The health sector has been using DES as an effective tool for allocating scarce resources to improve patient flow, while minimizing healthcare delivery costs and increasing patient satisfaction [8, 9, 10]. Previous studies have examined the resource allocation problems to optimally manage the arrival demands for different service sectors [11, 12, 13], occasionally for financial services. Given that financial services have a closer relationship with retail, the alliance between a financial institution and a retailer consists of the allocation of a Point of Sale (POS) for credit cards that share the brand of both the retailer and the financial institution. Through this card, customers can access the products of the retailer by performing fast and straightforward transactions.

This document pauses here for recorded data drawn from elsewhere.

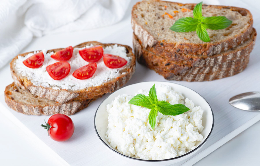 Netučný tvaroh vyšľaháme s lyžicou vody, dochutíme soľou, vegetou, pažítkou a korením a natrieme na tenké krajce chleba. Sýte a zdravé raňajky.
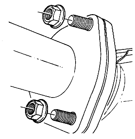 18. Insert the main catalytic converter bolts into the front muffler flange.
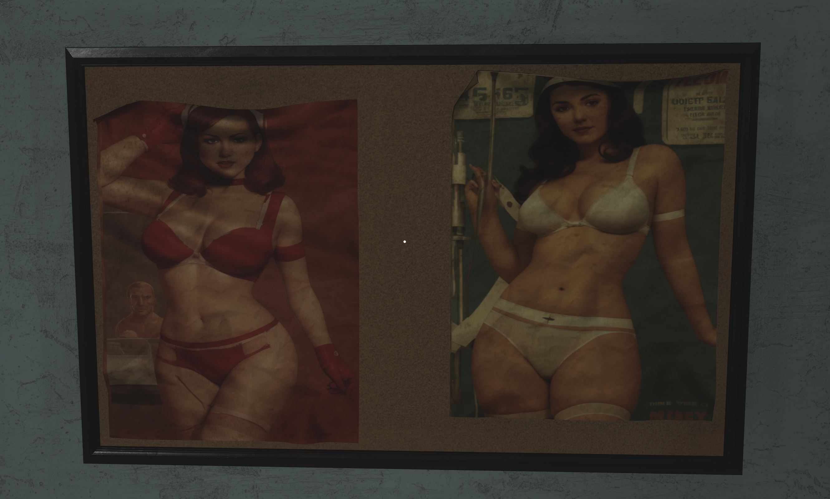 Replaces medical posters with vintage pin-up girls, some nude, some clothed. Currently replacing about 36 medical posters with another 24 in the next update.
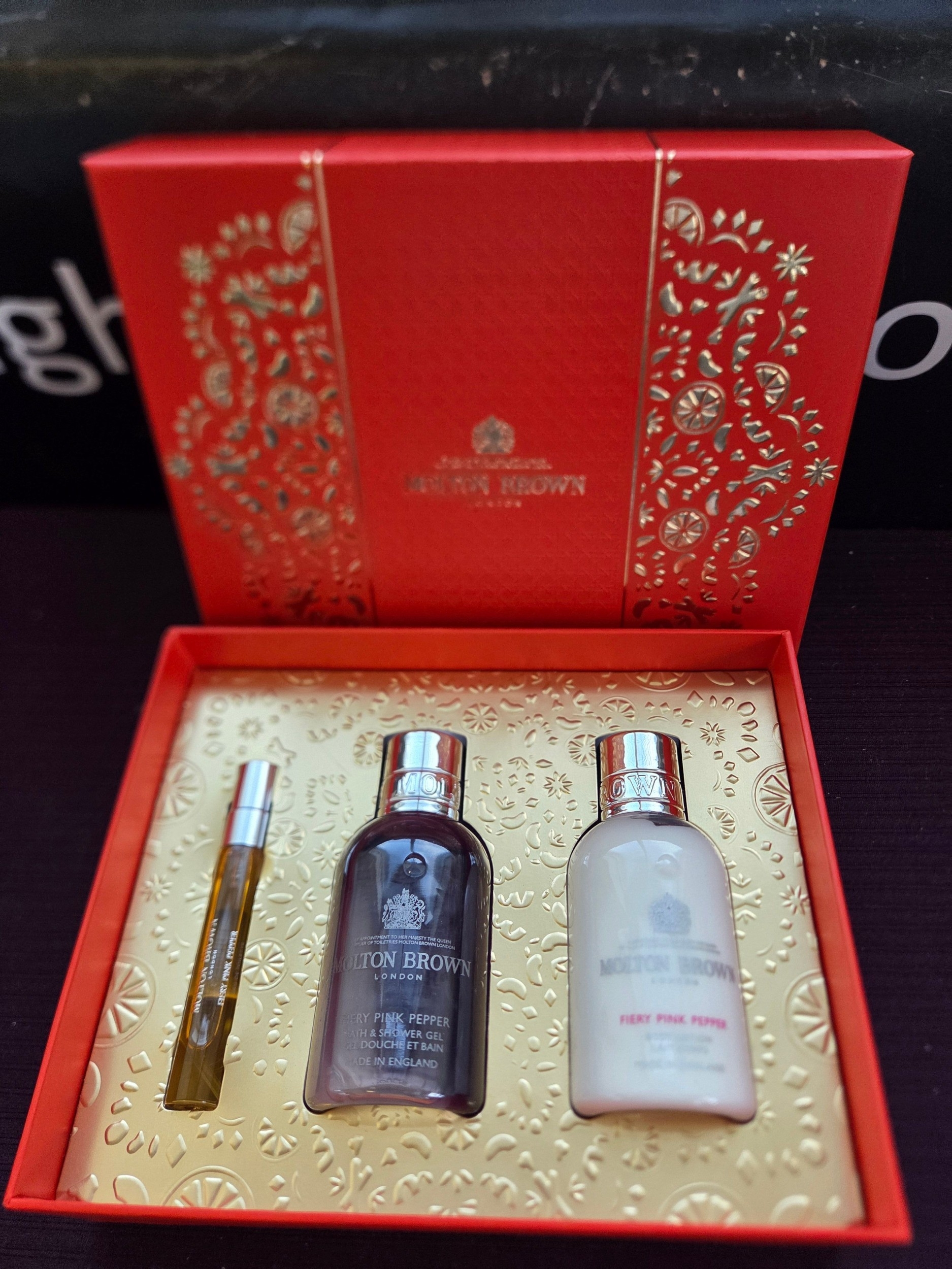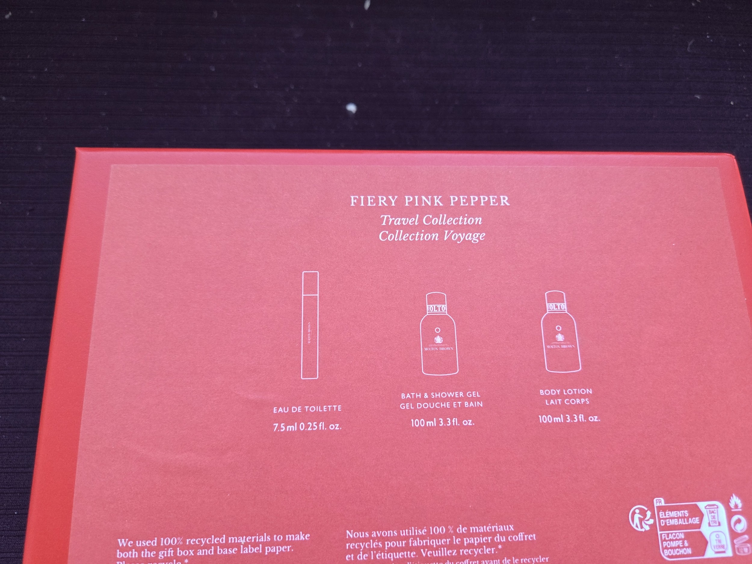 A Trio of Molton Brown Fiery Pink Pepper Travel Collection Products
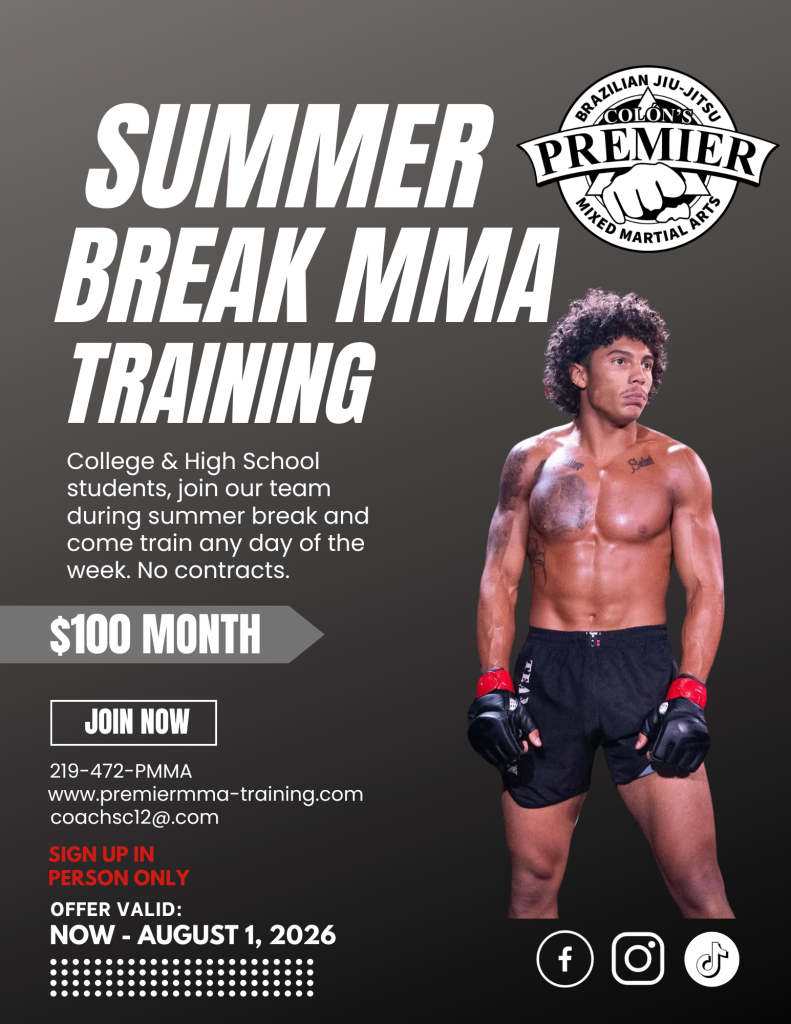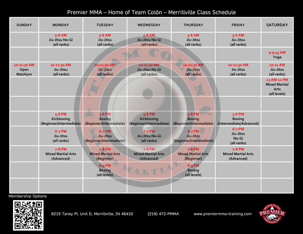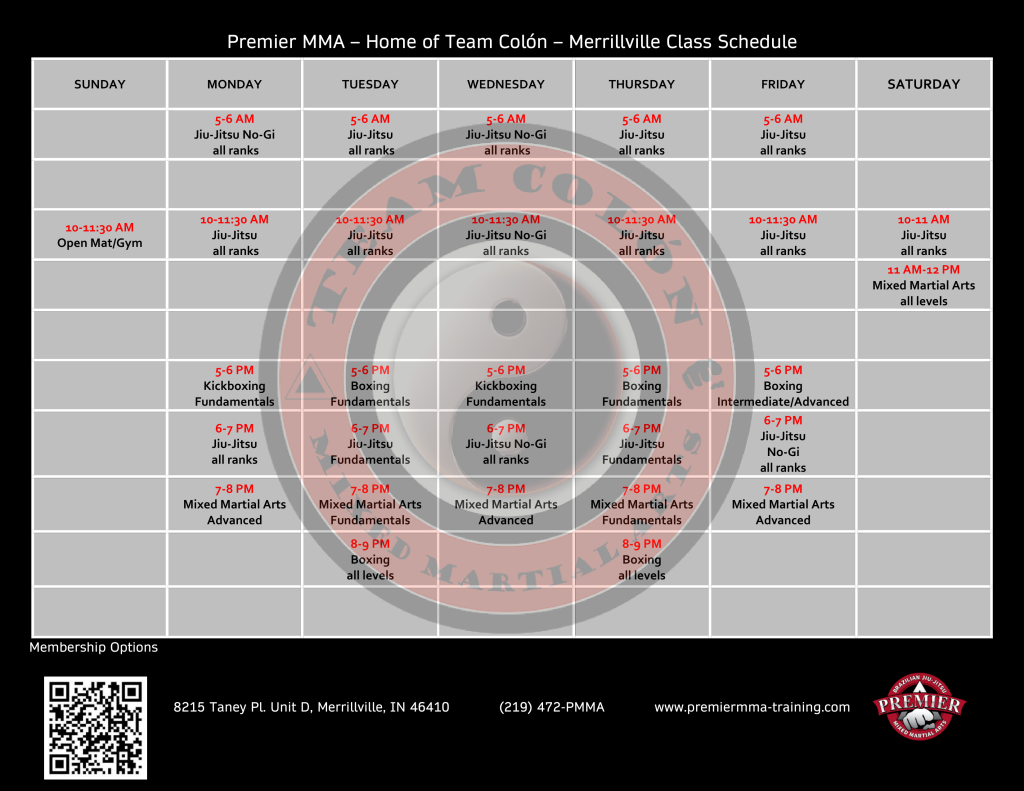 Welcome to premiermma-training.com, the official website of Colón’s Mixed Martial Arts Training Center in NWI, conveniently located in Merrillville, IN., just 2 miles West of I65 on Taney PL and US 30.
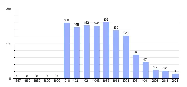 | Gráfica de población de Mali Miletinac 1857-2021 |
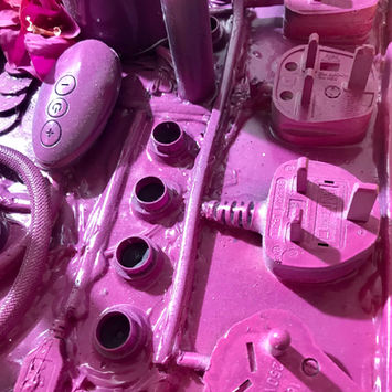 in these installations, trashed instruments are reborn in becoming new systems, independent mother boards.
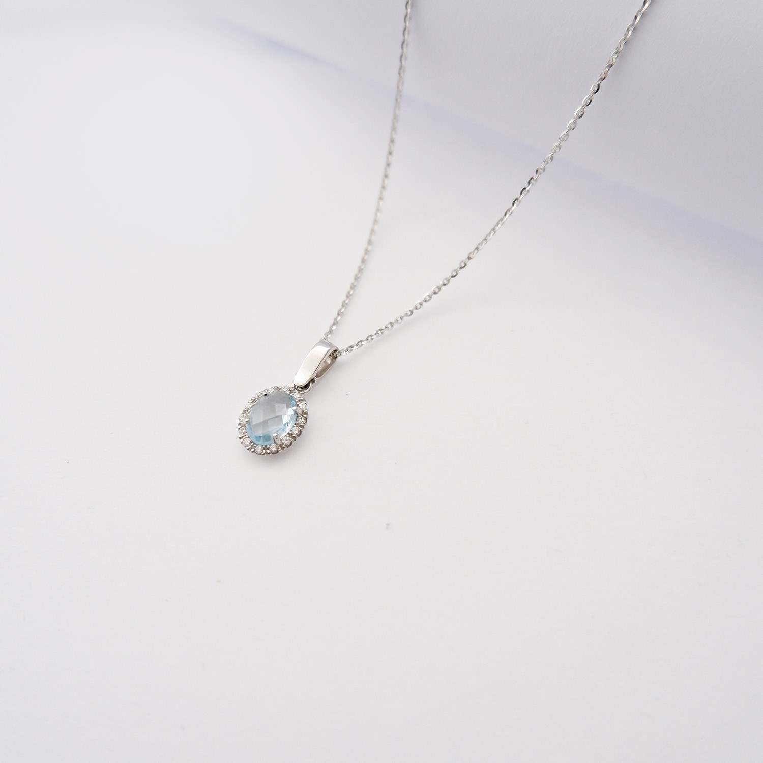 Collana Topazio Azzurro Ovale in oro 18kt e zirconi
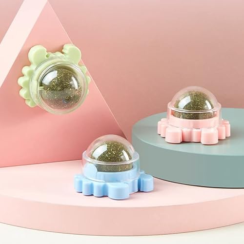 2. Ruotabile a 360°: design autoadesivo, ogni pallina commestibile non è fissa, può essere ruotata su e giù, il che è comodo per i gatti da giocare e leccare, viene fornita con una copertura trasparente, quando non è in uso, questa lettiera per gatti impedisce alla polvere di cadere e lo mantiene pulito, così questo gatto lo leccherà la prossima volta.

In this context, this paper evaluates the performance of financial institutions and retailers through service levels promised.

The case study assessed in this paper considers two assumptions. First, allocating a new POS for a financial institution requires special attention because it must guarantee the fulfillment of the service promise. For this case study, the service promise states that 80 % of clients should not wait more than one hour in the process of applying for a credit card, starting from the time they arrive to apply for the credit card until they find out whether their application was approved or rejected. Second, another constraint for allocating the POS is not presenting high rates of underutilization of the resources invested, including data collection and analysis equipment, multifunction printers, card printers, telephones, and facilities such as advisory modules.

In this context, this paper shows a DES model for the allocation of a POS, fulfilling the necessary conditions to achieve the established service promise and effective resource use. To do this, we obtained the metrics of the time required to process the credit card application. These metrics served as input for the development of the model within the ProModel software and to test scenarios by varying the number of commercial advisers assigned to evaluate the fulfillment of the service promise.

This paper on resource allocation differs from other research because it sought to find a balance between service promise and effective use of resources. Consequently, our model aims to fulfill the service promise, whereas previous models track only the behavior of vendors and customers [14]. Also, this research is related to earlier studies on resource allocation problems, which have gained attention in operations research [3].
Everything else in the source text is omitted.